In terms of the diabetes risk, statin therapy significantly increased the
risk 28% compared with placebo among individuals with risk factors for
diabetes at baseline (hazard ratio 1.28; 95% CI 1.07-1.54). In contrast,
there was no increased risk of diabetes among those without baseline risk
factors.
"What we found was clinically important," said Ridker. "Among those with one
or more major risk factors for diabetes, there were 134 fewer heart attacks,
strokes, and other major cardiovascular events in those who got the statin,
but this came with the hazard of 54 new cases of diabetes being diagnosed.
This group is already at high risk for getting diabetes, a group already
considered candidates for statin therapy."
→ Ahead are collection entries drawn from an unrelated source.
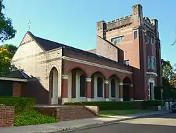 ![]() Schofield Hall and the Tower Wing. The hall, to the left, was designed by Harry Kent and the memorial stone was laid by Mrs Schofield on 16 November 1891. The tower, to the right, was designed by Alfred Newman | |
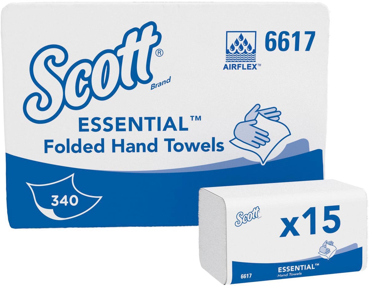* Essuie-mains enchevêtrés Scott Essential 6617, 15 paquets x 340 essuie-mains en papier blanc (au total 5.100 pièces).* Améliorez l'expérience dans vos sanitaires avec les solutions Scott® Essential™ fiables, conçues pour maintenir les normes de nettoyage et d'hygiène requises dans les environnements à forte fréquentation, sans faire de compromis sur la qualité et la valeur. Les essuie-mains papier pliés Scott® Essential™ sont nos essuie-mains à usage unique les plus efficaces, conçus pour un séchage quotidien fiable des mains. Les essuie-mains pliés sont conçus pour être distribués une feuille à la fois. Cette méthode de distribution d'une feuille à la fois est conçue pour améliorer l'hygiène des mains en minimisant le risque de contamination pendant le séchage des mains, car l'utilisateur ne touche que la feuille utilisée. * Nos distributeurs sans contact réduisent le risque de contamination croisée. La distribution d'un essuie-mains papier à la fois vise également à réduire les coûts d'exploitation, car l'utilisateur ne prend que les essuie-mains dont il a besoin pour se sécher les mains. * Avec 340 essuie-mains par paquet, le temps de maintenance est réduit car il est moins nécessaire de recharger le produit. Ce grand nombre d'essuie-mains par paquet est également conçu pour favoriser l'hygiène sur le lieu de travail dans les environnements très fréquentés. En effet, le risque d'épuisement est plus faible qu'avec les paquets d'essuie-mains pliés qui contiennent moins d'essuie-mains par paquet. * Ces essuie-mains pliés sont également conçus avec notre technologie unique Airflex™, ce qui permet une absorption plus rapide pour un séchage des mains plus hygiénique, tout en utilisant moins de papier et en produisant moins de déchets. Vous en avez donc plus pour votre argent et vous améliorez l'hygiène sur le lieu de travail. * Ces essuie-mains à plis intermédiaires sont fabriqués avec la technologie de compression pour une plus grande durabilité en réduisant le stockage et le transport. * Compatibles avec plusieurs options de distributeurs d'essuie-tout Kimberly-Clark : les distributeurs Aquarius™ en blanc ou noir (codes produits 6945 et 7171), un distributeur grande capacité (code 9962) et un distributeur grande capacité en acier inoxydable (code 8971). * Dimensions pliées (lxLl) : 200x106mm. * Dimension dépliée (lxL) : 200x212mm.
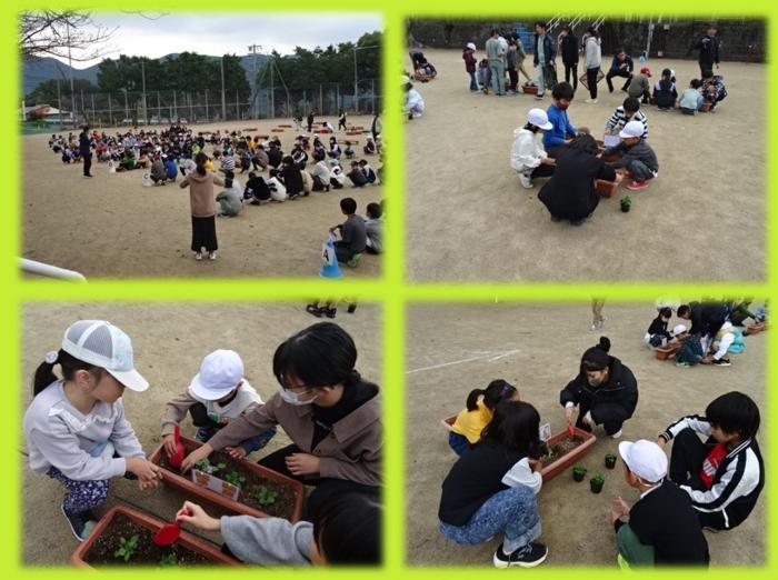 縦割り活動 「花の苗植え」 今回の縦割り活動は、5年生がリードして「花の苗植え」を行いました。
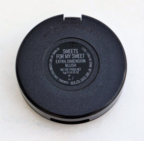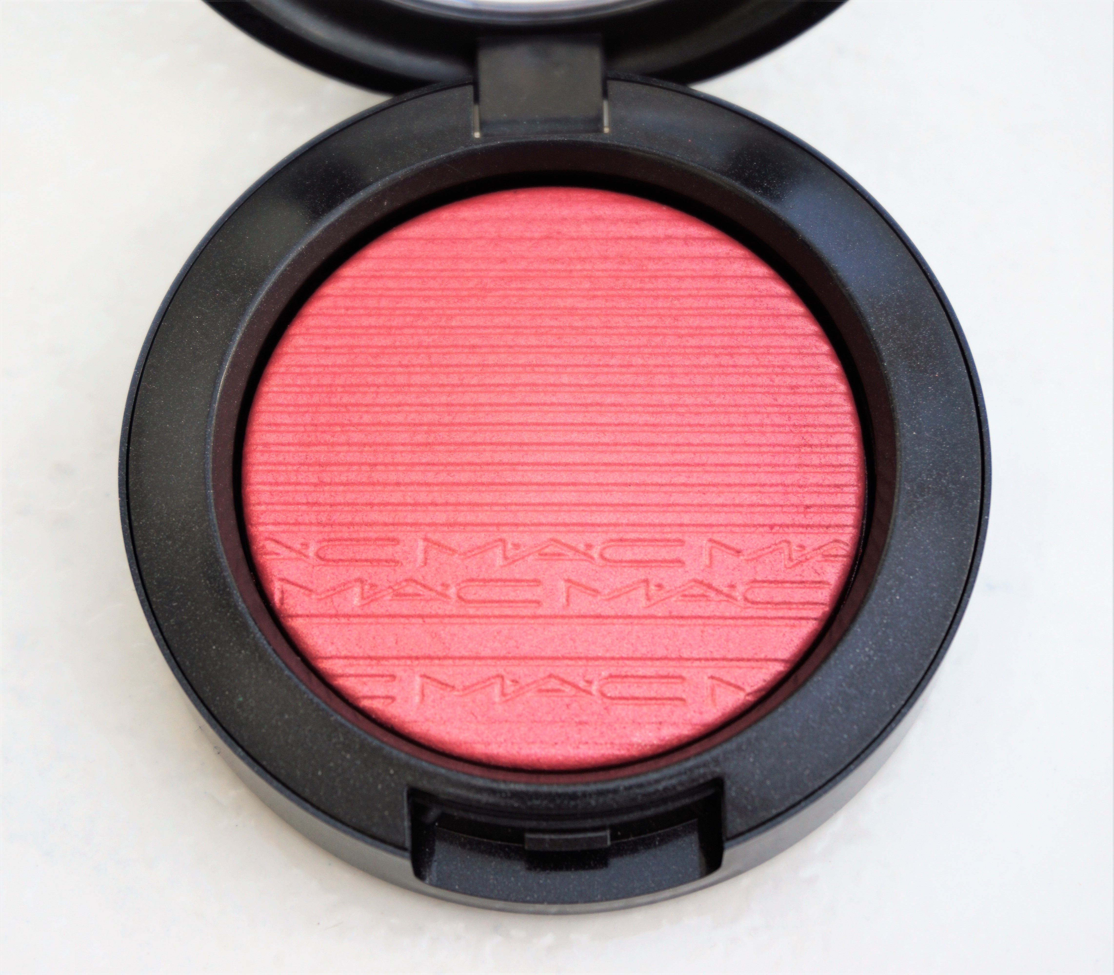 The blusher, like the other Extra Dimension products, is embossed with straight lines and the MAC logo. I’ve used the blusher several times since taking these photos and it is only now starting to wear away.

For Ridker, the bottom line is a fairly simple, straightforward clinical
message: "Even in a lower-risk primary-prevention population, the
cardiovascular benefits of statin therapy outweigh the diabetes hazard, even
among those with highest risks for diabetes."
Ray said that one of the difficulties for physicians in practice is applying
the results of clinical trials to individual patients. In addition, use of
different drugs and different dosages alter the risk/benefit ratio. For
example, rosuvastatin 20 mg reduces LDL cholesterol by approximately 50%,
which translates into a larger reduction in cardiovascular events. Weaker
statins would not reduce LDL cholesterol to the same extent, but the risk of
diabetes would be unaltered, and this would change the risk/benefit
equation, say Ray.
"JUPITER is the largest primary-prevention [trial] ever done," and he added
that, "It has 40% women and has representation from diverse ethnic groups,
so it's truly a global study. It provides considerable reassurance about net
benefit. But many of the people whom we treat with statins won't go on to
have an event. The reason we use them is that, by and large, the treatments
are actually pretty safe and pretty good. But if we could further improve
risk prediction accuracy, then we could really tell patients that their
risks are very high and that they would benefit from the drugs. In somebody
else, if we could say to them, 'You're not at very high risk over the long
term,' and we could avoid unwanted treatment. This is the unmet need that
hasn't been addressed by this paper."